[What you need to do]:
Please copy the listing that follows exactly, leaving out any pictures.

[Supplied data]:
++++++++
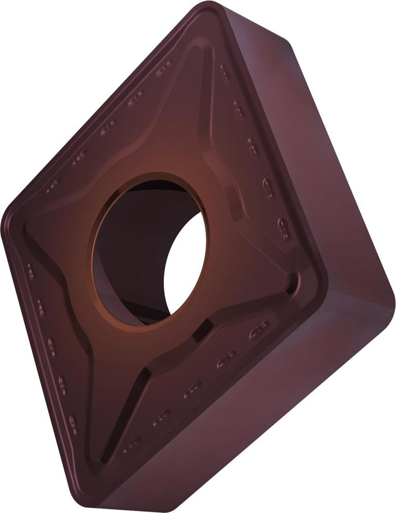 Doppelseitige negative Drehwendeschneidplatte · 80° Rhombisch mit Innenkreisdurchmesser von 19.05mm · 6.35mm Dick · 1.6mm Radius · Indexgenauigkeit nach ISO-Toleranzklasse-M · Spanbrecher RM mit verrundeter Schneidkante · im Substrat T8430 · PVD beschichtet WC-Co Feinkornsubstrat in den ISO-Bereichen P20 -P40 und M20 -M35 · zum medium bis schruppen bearbeiten von Stählen und nichtrostenden Stählen
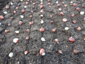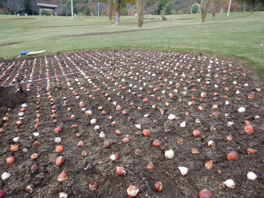 チューリップの球根植栽中
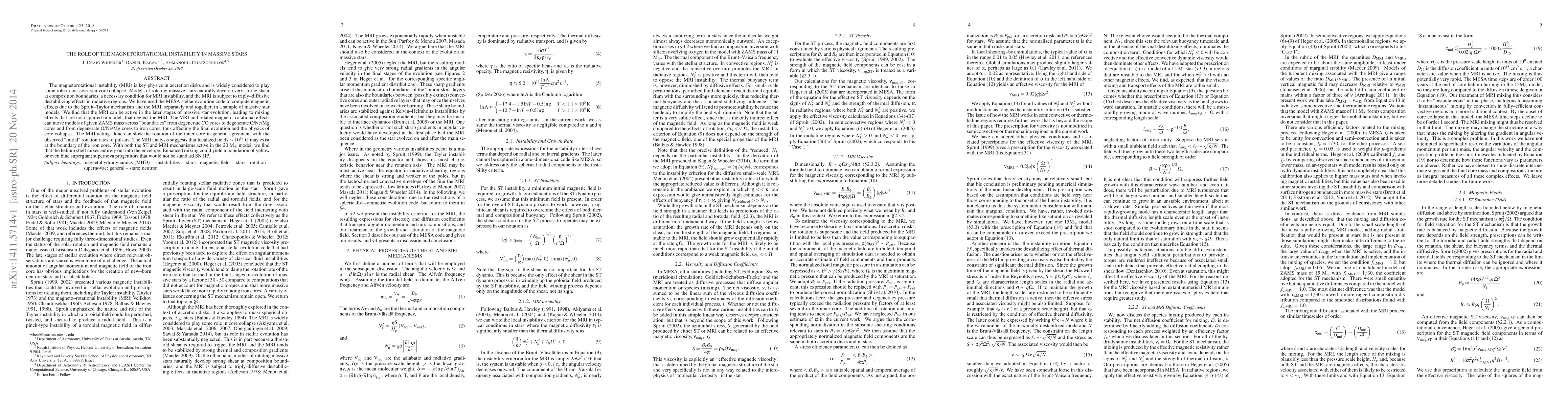 The magnetorotational instability (MRI) is key physics in accretion disks and is widely considered to play some role in massive-star core collapse. Models of rotating massive stars naturally develop very strong shear at composition boundaries, a necessary condition for MRI instability, and the MRI is subject to triply-diffusive destabilizing effects in radiative regions. We have used the MESA stellar evolution code to compute magnetic effects due to the Spruit-Taylor mechanism and the MRI, separately and together, in a sample of massive star models. We find that the MRI can be active in the later stages of massive star evolution, leading to mixing effects that are not captured in models that neglect the MRI. The MRI and related magneto-rotational effects can move models of given ZAMS mass across "boundaries" from degenerate CO cores to degenerate O/Ne/Mg cores and from degenerate O/Ne/Mg cores to iron cores, thus affecting the final evolution and the physics of core collapse. The MRI acting alone can slow the rotation of the inner core in general agreement with the observed "initial" rotation rates of pulsars. The MRI analysis suggests that localized fields ~10^{12} G may exist at the boundary of the iron core. With both the ST and MRI mechanisms active in the 20 solar mass model, we find that the helium shell mixes entirely out into the envelope. Enhanced mixing could yield a population of yellow or even blue supergiant supernova progenitors that would not be standard SN IIP.
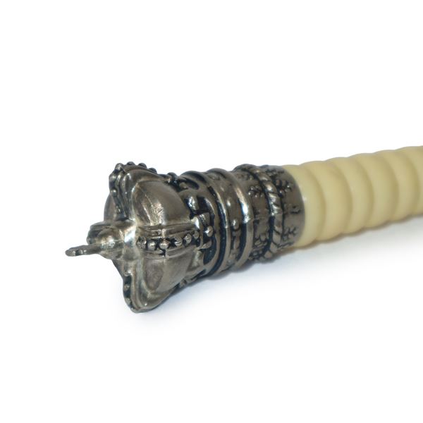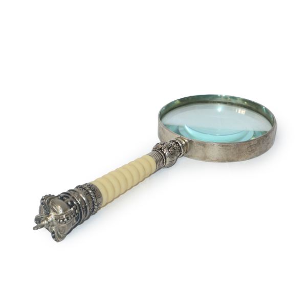 Magnifying glass with bone handle and silver crown-shaped end, Early 20th century
++++++++
[Expected answer]:
 Doppelseitige negative Drehwendeschneidplatte · 80° Rhombisch mit Innenkreisdurchmesser von 19.05mm · 6.35mm Dick · 1.6mm Radius · Indexgenauigkeit nach ISO-Toleranzklasse-M · Spanbrecher RM mit verrundeter Schneidkante · im Substrat T8430 · PVD beschichtet WC-Co Feinkornsubstrat in den ISO-Bereichen P20 -P40 und M20 -M35 · zum medium bis schruppen bearbeiten von Stählen und nichtrostenden Stählen
 チューリップの球根植栽中
 The magnetorotational instability (MRI) is key physics in accretion disks and is widely considered to play some role in massive-star core collapse. Models of rotating massive stars naturally develop very strong shear at composition boundaries, a necessary condition for MRI instability, and the MRI is subject to triply-diffusive destabilizing effects in radiative regions. We have used the MESA stellar evolution code to compute magnetic effects due to the Spruit-Taylor mechanism and the MRI, separately and together, in a sample of massive star models. We find that the MRI can be active in the later stages of massive star evolution, leading to mixing effects that are not captured in models that neglect the MRI. The MRI and related magneto-rotational effects can move models of given ZAMS mass across "boundaries" from degenerate CO cores to degenerate O/Ne/Mg cores and from degenerate O/Ne/Mg cores to iron cores, thus affecting the final evolution and the physics of core collapse. The MRI acting alone can slow the rotation of the inner core in general agreement with the observed "initial" rotation rates of pulsars. The MRI analysis suggests that localized fields ~10^{12} G may exist at the boundary of the iron core. With both the ST and MRI mechanisms active in the 20 solar mass model, we find that the helium shell mixes entirely out into the envelope. Enhanced mixing could yield a population of yellow or even blue supergiant supernova progenitors that would not be standard SN IIP.
 Magnifying glass with bone handle and silver crown-shaped end, Early 20th century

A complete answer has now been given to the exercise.